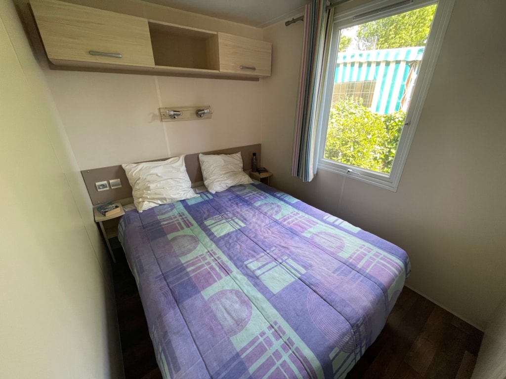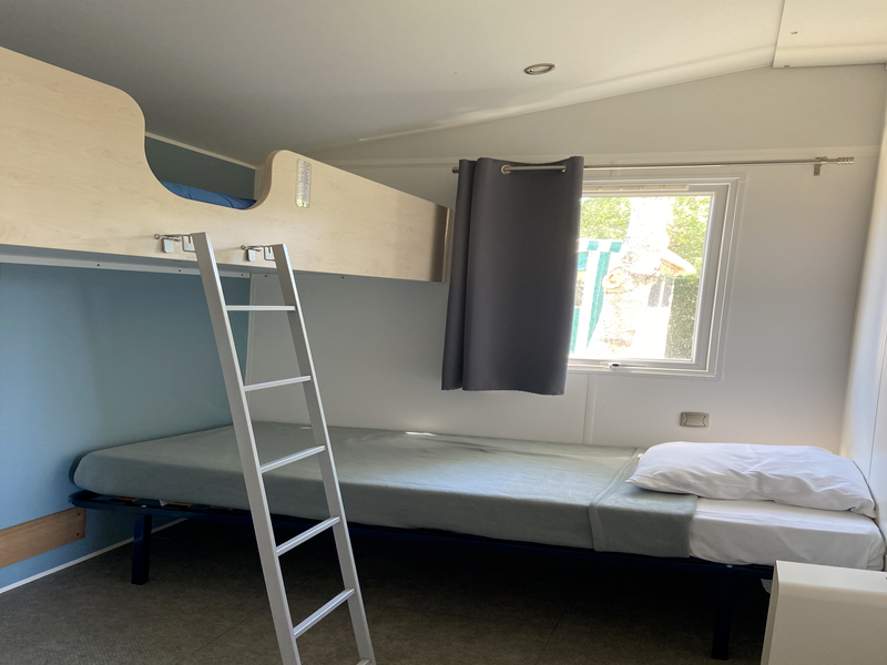 1 large bedroom with 1 double bed (160 x 200), wardrobe, duvet, blanket and pillows. 1 bedroom with 1 loft bed (70 x 190) and 1 single bed (90 x190), wardrobe, duvets, blankets and pillows. Bed linen included (1 kit per bed and per stay) for a change during the stay, a supplement will be charged. 1 equipped kitchen (4 burner stove top, refrigerator, micro wave oven, electric coffee maker, dishware and cupboards). 1 living area with sofa bed (140 x 190), television and heating. 1 large bathroom with shower, sink and toilet. Garden furniture on covered wooden terrace with access ramp.
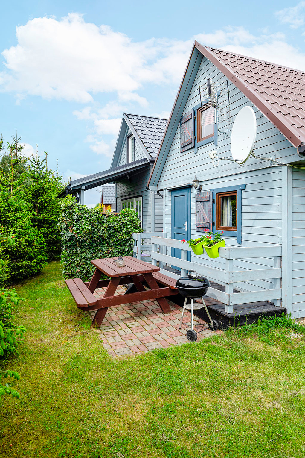 Haus: Drei schöne Ferienhäuser auf dem Grundstück des Vermieters. Wohnliche Einrichtung. Kostenloses Internet über W-Lan. Heizung mit E-Radiator, Warmwasser über E-Boiler (50 l). Terrasse mit Sitzmöbeln. 1 Pkw-Parkplatz/Ferienhaus auf dem abgeschlossenen Grundstück.
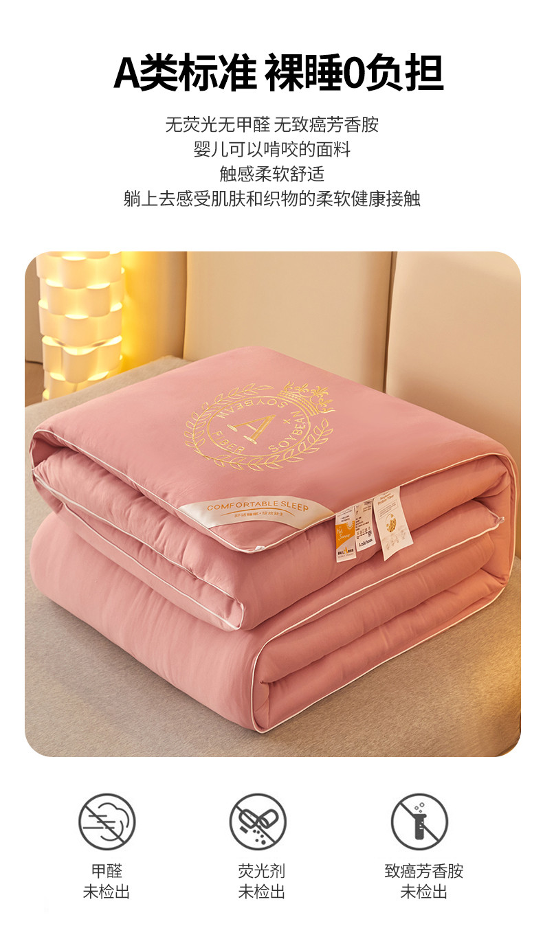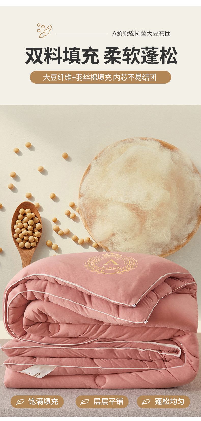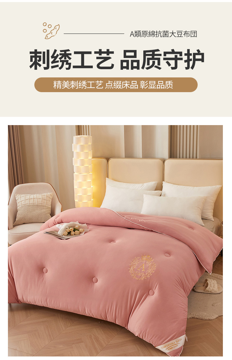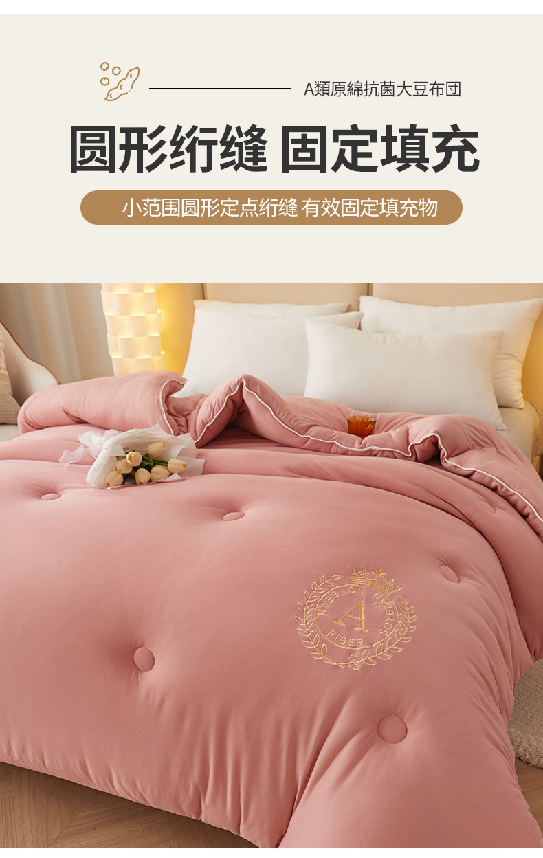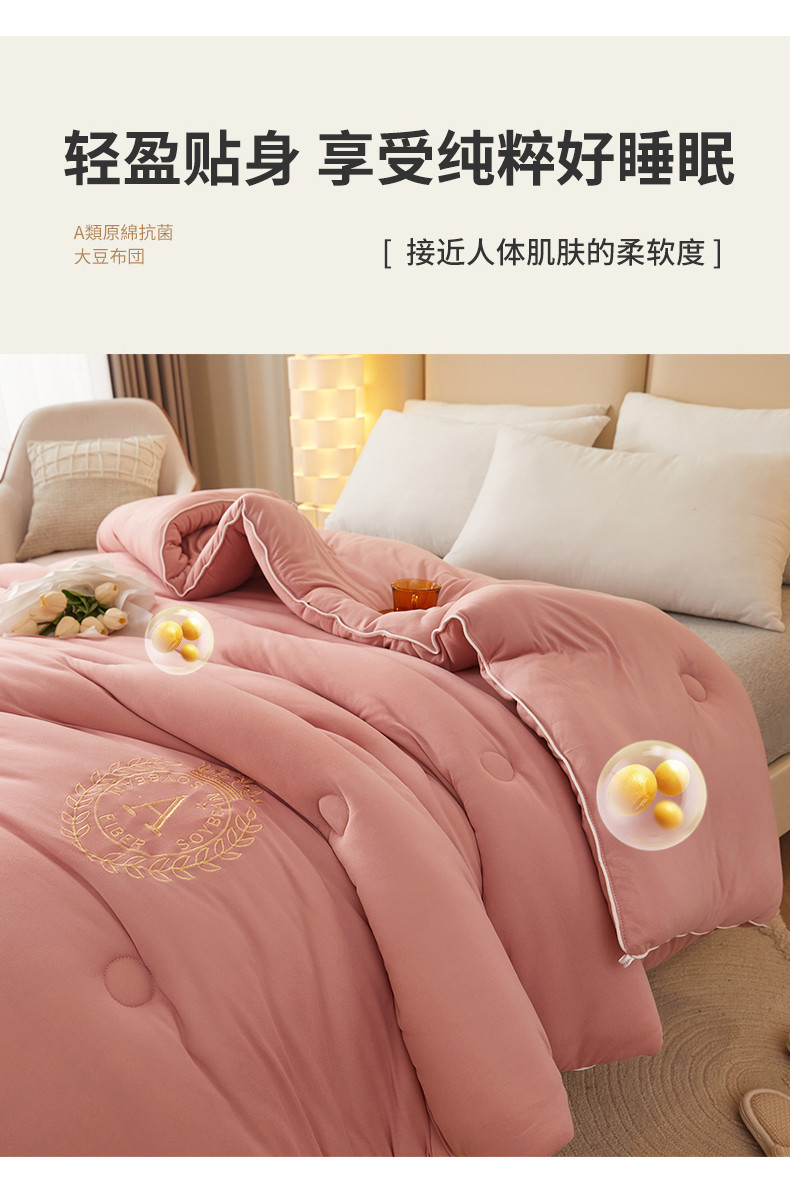商品名称:恒畅 2023新款A类针织棉大豆刺绣秋冬被冬被 香妃粉
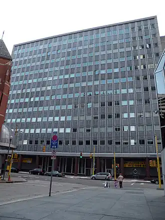 The Bell Telephone Company of Pennsylvania Western Headquarters Building (also known as the Verizon Building) is a structure at 201 Stanwix Street in downtown Pittsburgh, Pennsylvania. The 12-story building, which was built between 1956 and 1957. In 1985 it was utilized for office space, corporate television & fiber optic teleconferencing facilities for intra-organization, face-to-face meetings. An historic #5ESS cutover in 1986 was covered by the news crew here marking the entrance into the digital age of telecommunications for an antiquated landline infrastructure in the United States. Converted to luxury rental apartments in 2012.[2] It was listed on the National Register of Historic Places on December 15, 2011.[1]

> [Exercise details]: Repeat exactly and only the lines from the start of the data above through the line that holds "商品名称:恒畅 2023新款A类针织棉大豆刺绣秋冬被冬被 香妃粉", inclusive. Pictures do not belong in the copy.

> [Response area]:
 1 large bedroom with 1 double bed (160 x 200), wardrobe, duvet, blanket and pillows. 1 bedroom with 1 loft bed (70 x 190) and 1 single bed (90 x190), wardrobe, duvets, blankets and pillows. Bed linen included (1 kit per bed and per stay) for a change during the stay, a supplement will be charged. 1 equipped kitchen (4 burner stove top, refrigerator, micro wave oven, electric coffee maker, dishware and cupboards). 1 living area with sofa bed (140 x 190), television and heating. 1 large bathroom with shower, sink and toilet. Garden furniture on covered wooden terrace with access ramp.
 Haus: Drei schöne Ferienhäuser auf dem Grundstück des Vermieters. Wohnliche Einrichtung. Kostenloses Internet über W-Lan. Heizung mit E-Radiator, Warmwasser über E-Boiler (50 l). Terrasse mit Sitzmöbeln. 1 Pkw-Parkplatz/Ferienhaus auf dem abgeschlossenen Grundstück.
商品名称:恒畅 2023新款A类针织棉大豆刺绣秋冬被冬被 香妃粉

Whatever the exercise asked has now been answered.